(Excerpts from a dataset)
********************
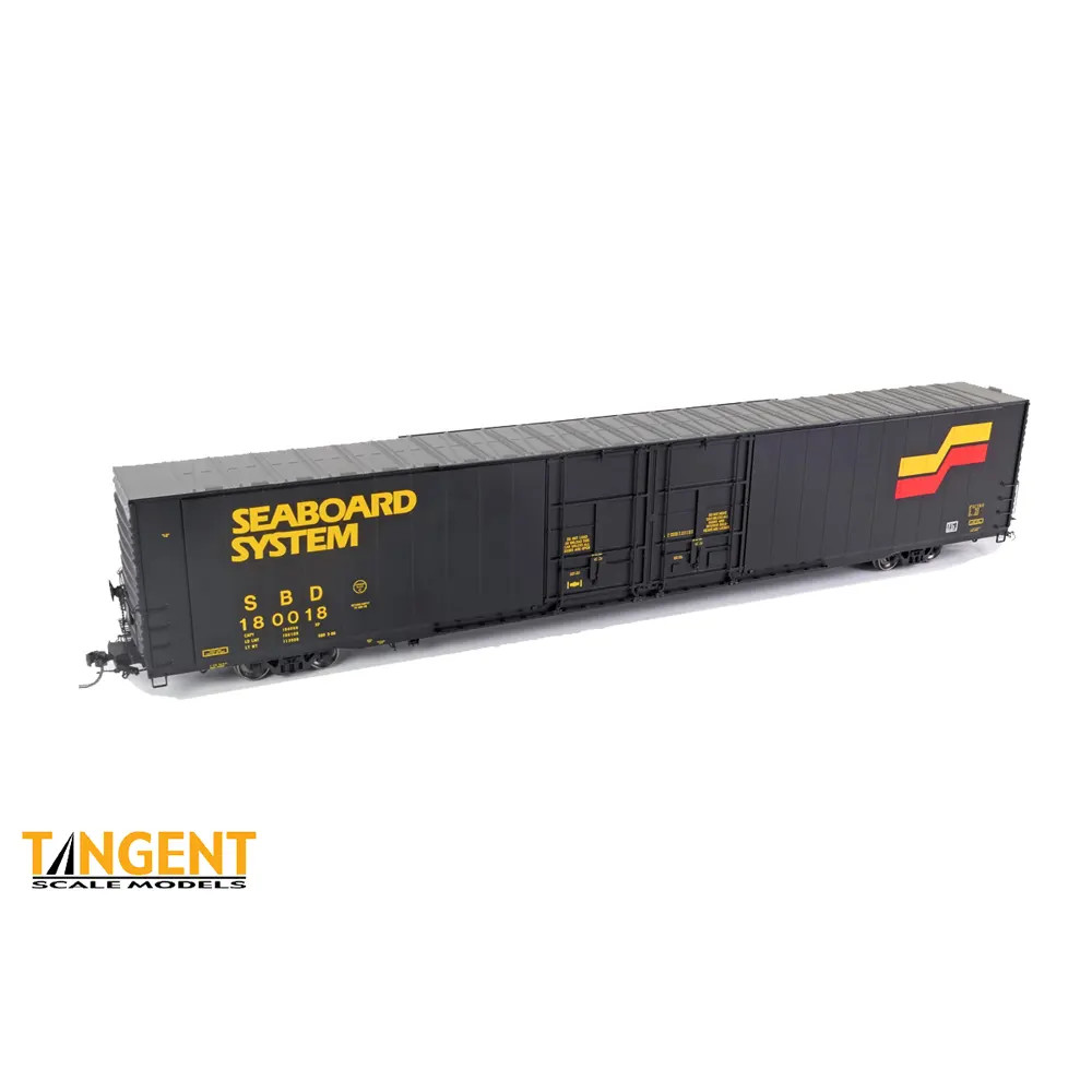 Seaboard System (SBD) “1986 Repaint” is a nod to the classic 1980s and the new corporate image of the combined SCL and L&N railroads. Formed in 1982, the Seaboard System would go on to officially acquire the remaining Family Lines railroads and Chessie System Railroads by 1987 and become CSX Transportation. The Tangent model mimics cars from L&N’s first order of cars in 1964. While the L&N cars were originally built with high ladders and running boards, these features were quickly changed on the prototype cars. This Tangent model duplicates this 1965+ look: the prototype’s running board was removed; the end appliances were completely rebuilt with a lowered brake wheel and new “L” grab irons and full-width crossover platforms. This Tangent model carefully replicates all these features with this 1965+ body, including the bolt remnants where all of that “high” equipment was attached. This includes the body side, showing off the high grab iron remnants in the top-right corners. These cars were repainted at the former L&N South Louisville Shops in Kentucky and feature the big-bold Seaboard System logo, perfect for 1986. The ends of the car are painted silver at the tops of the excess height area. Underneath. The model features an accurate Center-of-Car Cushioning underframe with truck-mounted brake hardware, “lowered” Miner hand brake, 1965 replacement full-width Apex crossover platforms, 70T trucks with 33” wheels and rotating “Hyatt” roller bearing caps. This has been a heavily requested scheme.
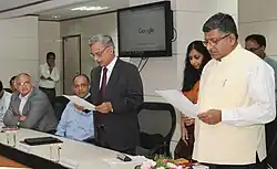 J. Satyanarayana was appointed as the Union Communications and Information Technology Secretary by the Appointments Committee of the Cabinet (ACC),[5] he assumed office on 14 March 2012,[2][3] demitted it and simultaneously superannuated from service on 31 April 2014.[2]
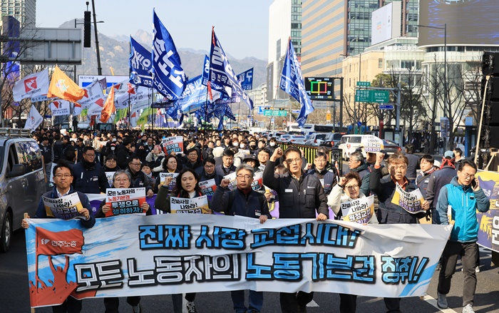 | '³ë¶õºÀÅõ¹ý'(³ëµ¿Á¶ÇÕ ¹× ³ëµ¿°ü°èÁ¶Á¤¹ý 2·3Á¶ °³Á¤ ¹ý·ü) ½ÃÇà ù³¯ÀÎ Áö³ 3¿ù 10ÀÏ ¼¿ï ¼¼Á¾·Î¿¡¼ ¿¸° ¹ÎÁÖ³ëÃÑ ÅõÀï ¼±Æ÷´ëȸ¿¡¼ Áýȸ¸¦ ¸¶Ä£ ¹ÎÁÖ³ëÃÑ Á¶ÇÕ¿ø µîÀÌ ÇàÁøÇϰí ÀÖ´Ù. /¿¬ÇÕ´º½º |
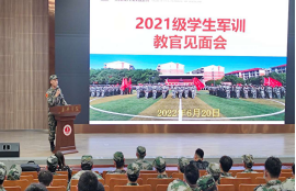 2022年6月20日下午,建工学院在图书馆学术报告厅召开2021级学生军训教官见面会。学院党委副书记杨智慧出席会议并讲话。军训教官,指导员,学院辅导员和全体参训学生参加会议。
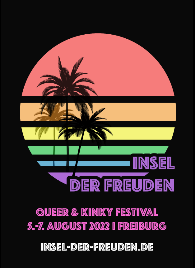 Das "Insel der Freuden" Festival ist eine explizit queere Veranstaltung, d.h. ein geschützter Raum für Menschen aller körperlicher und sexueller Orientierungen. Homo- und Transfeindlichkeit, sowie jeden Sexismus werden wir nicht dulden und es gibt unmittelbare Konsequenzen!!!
********************
Task directions >> Quote each record exactly as it stands, minus the pictures.

Solution to this problem >>
 Seaboard System (SBD) “1986 Repaint” is a nod to the classic 1980s and the new corporate image of the combined SCL and L&N railroads. Formed in 1982, the Seaboard System would go on to officially acquire the remaining Family Lines railroads and Chessie System Railroads by 1987 and become CSX Transportation. The Tangent model mimics cars from L&N’s first order of cars in 1964. While the L&N cars were originally built with high ladders and running boards, these features were quickly changed on the prototype cars. This Tangent model duplicates this 1965+ look: the prototype’s running board was removed; the end appliances were completely rebuilt with a lowered brake wheel and new “L” grab irons and full-width crossover platforms. This Tangent model carefully replicates all these features with this 1965+ body, including the bolt remnants where all of that “high” equipment was attached. This includes the body side, showing off the high grab iron remnants in the top-right corners. These cars were repainted at the former L&N South Louisville Shops in Kentucky and feature the big-bold Seaboard System logo, perfect for 1986. The ends of the car are painted silver at the tops of the excess height area. Underneath. The model features an accurate Center-of-Car Cushioning underframe with truck-mounted brake hardware, “lowered” Miner hand brake, 1965 replacement full-width Apex crossover platforms, 70T trucks with 33” wheels and rotating “Hyatt” roller bearing caps. This has been a heavily requested scheme.
 J. Satyanarayana was appointed as the Union Communications and Information Technology Secretary by the Appointments Committee of the Cabinet (ACC),[5] he assumed office on 14 March 2012,[2][3] demitted it and simultaneously superannuated from service on 31 April 2014.[2]
 | '³ë¶õºÀÅõ¹ý'(³ëµ¿Á¶ÇÕ ¹× ³ëµ¿°ü°èÁ¶Á¤¹ý 2·3Á¶ °³Á¤ ¹ý·ü) ½ÃÇà ù³¯ÀÎ Áö³ 3¿ù 10ÀÏ ¼¿ï ¼¼Á¾·Î¿¡¼ ¿¸° ¹ÎÁÖ³ëÃÑ ÅõÀï ¼±Æ÷´ëȸ¿¡¼ Áýȸ¸¦ ¸¶Ä£ ¹ÎÁÖ³ëÃÑ Á¶ÇÕ¿ø µîÀÌ ÇàÁøÇϰí ÀÖ´Ù. /¿¬ÇÕ´º½º |
 2022年6月20日下午,建工学院在图书馆学术报告厅召开2021级学生军训教官见面会。学院党委副书记杨智慧出席会议并讲话。军训教官,指导员,学院辅导员和全体参训学生参加会议。
 Das "Insel der Freuden" Festival ist eine explizit queere Veranstaltung, d.h. ein geschützter Raum für Menschen aller körperlicher und sexueller Orientierungen. Homo- und Transfeindlichkeit, sowie jeden Sexismus werden wir nicht dulden und es gibt unmittelbare Konsequenzen!!!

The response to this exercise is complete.